As for the illustrations in the story, I have to admit I was not a fan of this illustrative style. In fact, I felt that it took away from the story. While the illustrator, Stevan Stratford, does a decent job of capturing some elements, for example texture (especially in representations of smoke that appear to be done in charcoal), the people in the book are not well-drawn. They are disproportionate and unattractive. Poor illustrations in a picture book often compromise the entire experience. On a positive note, there was some consistency between this book and the others in the series. It is an eight inch by eight inch, glossy-paged, hardcover picture book with an appropriate font. At times however, there is too much text on the page. For example, on one page there are three couplets, when the average is one couplet per page.

All in all, the concept behind the book was a great idea but it wasn’t done justice by the content, the way it was written or by the illustrations. It also failed to go above and beyond a literal list of things that one can smell with their nose, crushing the potential of a children’s book to communicate any “big ideas” or important themes. The story would have been more effective had the author chosen fewer scenarios that better related to each other and captured the premise of the book (different things one can smell with their nose), paying more attention to the organization of ideas and words. It goes without saying that including good illustrations would have also greatly contributed to the quality of this book. While I am enthusiastic about the concept behind the Allah the Maker series, I feel that the entire series could benefit by more consistency, for example choosing one quality illustrator (such as Asiya Clarke) to illustrate all of the books and ensuring that the storylines that were directly relevant to the topic at hand and the rhyming text was natural and appropriate to the topic.
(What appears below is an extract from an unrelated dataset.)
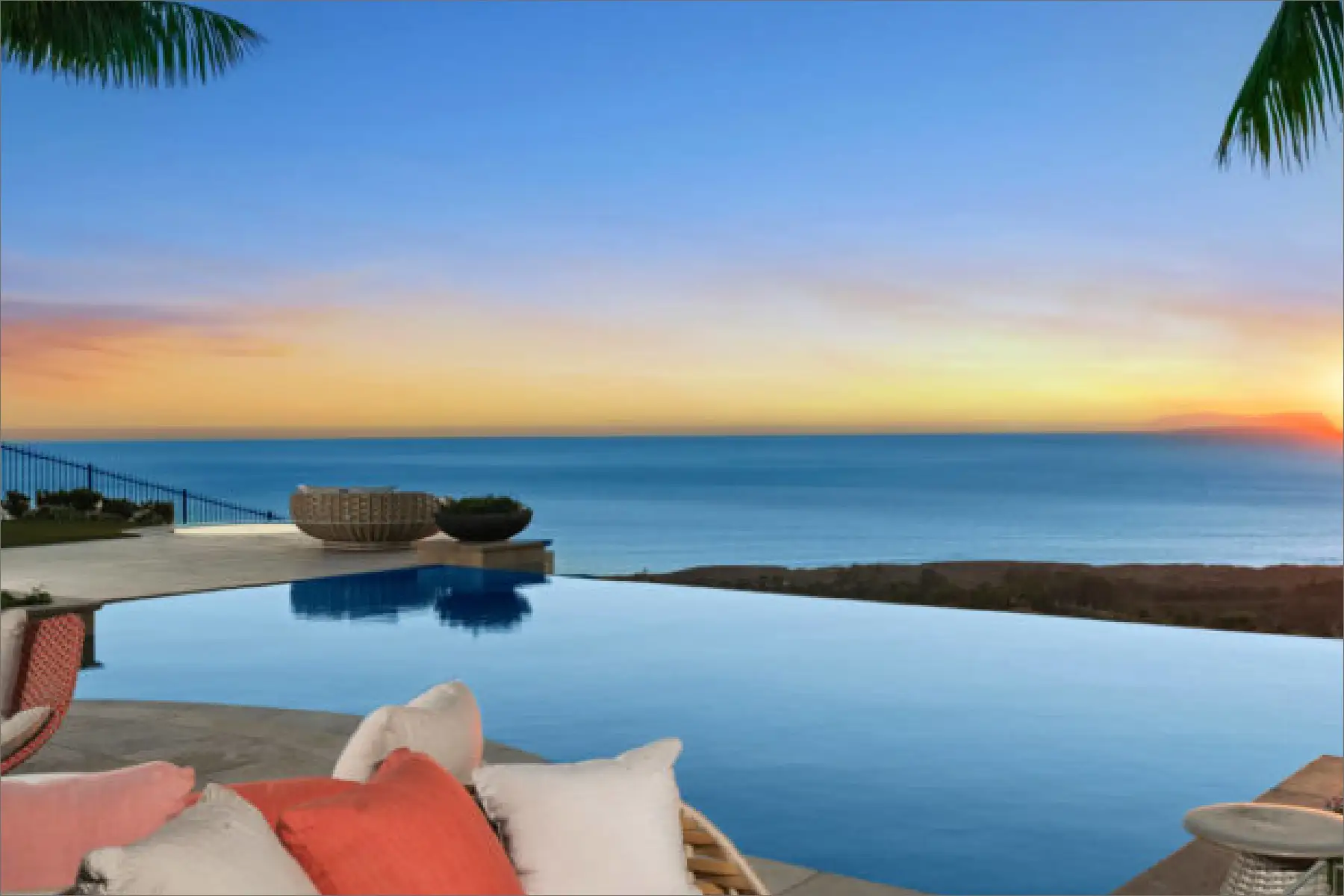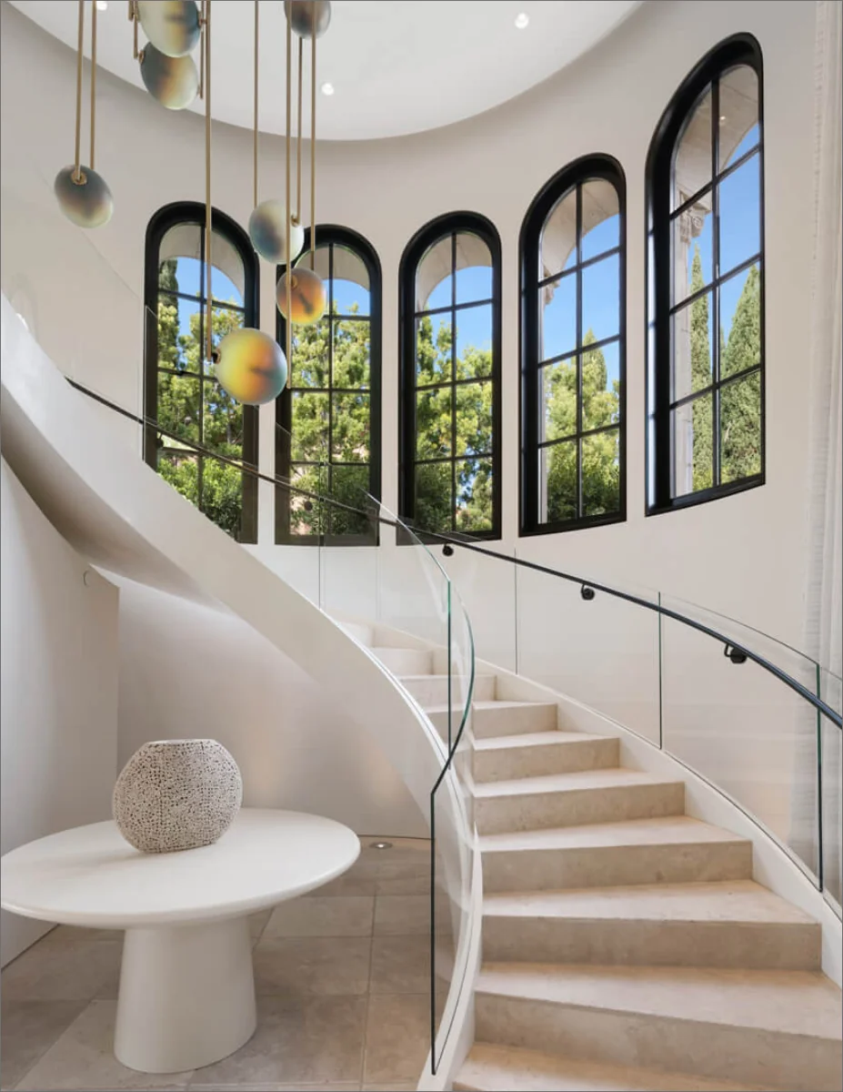 Spanning three levels, the liveable floor plan includes five bedroom suites, open social spaces, a home office with views, and a temperature-controlled wine and cigar room. The home spa features heated floors, a steam room, and a quick-fill tub, while the chic master suite boasts a frameless stand-alone shower and sweeping ocean views. The backyard is an entertainer’s paradise, complete with an infinity-edge pool and spa, fireplace, built-in BBQ, putting green, and covered dining area.

I would not recommend this book as a standalone read, nor do I consider it an example of quality literature for Muslim children, however, since it belongs to a series with some strong pieces and is based on an important premise, I can understand why adults make choose to buy this book (it is part of a set and some of us like continuity and wholeness). That being said, I sincerely hope that a better (updated) version of Allah Gave Me A Nose to Smell comes along.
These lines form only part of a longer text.